A US-based Ghanaian cardiovascular surgeon, Dr. Moses deGraft-Johnson, has pleaded guilty to several counts of healthcare fraud and other related charges stemming from billing the federal government and other health insurance companies for surgeries he never performed on patients.
According to the Tallahassee Democrat, deGraft-Johnson, who was indicted on February 4, pleaded guilty to 56 counts of health-care fraud, conspiracy to commit fraud and aggravated identity theft on Friday, December 18.
Prosecutors say the owner of the now-defunct Heart and Vascular Institute of North Florida allegedly sent out bills to the tune of at least $29 million to Capital Health Plan, Medicare and other insurance companies for surgeries he never performed at his health facility. deGraft-Johnson allegedly used those funds to finance a lavish lifestyle.

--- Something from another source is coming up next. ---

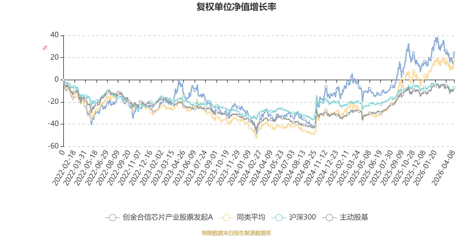 截至4月8日,创金合信芯片产业股票发起A近三个月复权单位净值增长率为-3.45%,位于同类可比基金47/63;近半年复权单位净值增长率为-5.14%,位于同类可比基金52/63;近一年复权单位净值增长率为53.82%,位于同类可比基金44/63;近三年复权单位净值增长率为23.54%,位于同类可比基金35/53。
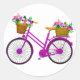Pegatina Redonda Bicicleta Rosa Con Canasta De Flores -

Describing his modus operandi, the U.S. Attorney’s Office said the surgeon targeted unsuspecting victims at churches, nursing homes and also at least a hospital, and then went ahead to perform “invasive” and “unnecessary” procedures on a majority of them. This left some of his patients, who were mostly from underserved communities, confused about the authenticity of their personal medical records and the kind of treatment they actually required, the Tallahassee Democrat reported. The federal prosecutors on the case said they’ll continue scrutinizing deGraft-Johnson’s scheme so patients can have a better understanding of their conditions and receive the right treatment.
“As part of his plea, deGraft-Johnson acknowledged engaging in a wide-ranging and consistent pattern of performing two invasive diagnostic angiography procedures – one on each leg – on hundreds of his patients, whether medically indicated or not.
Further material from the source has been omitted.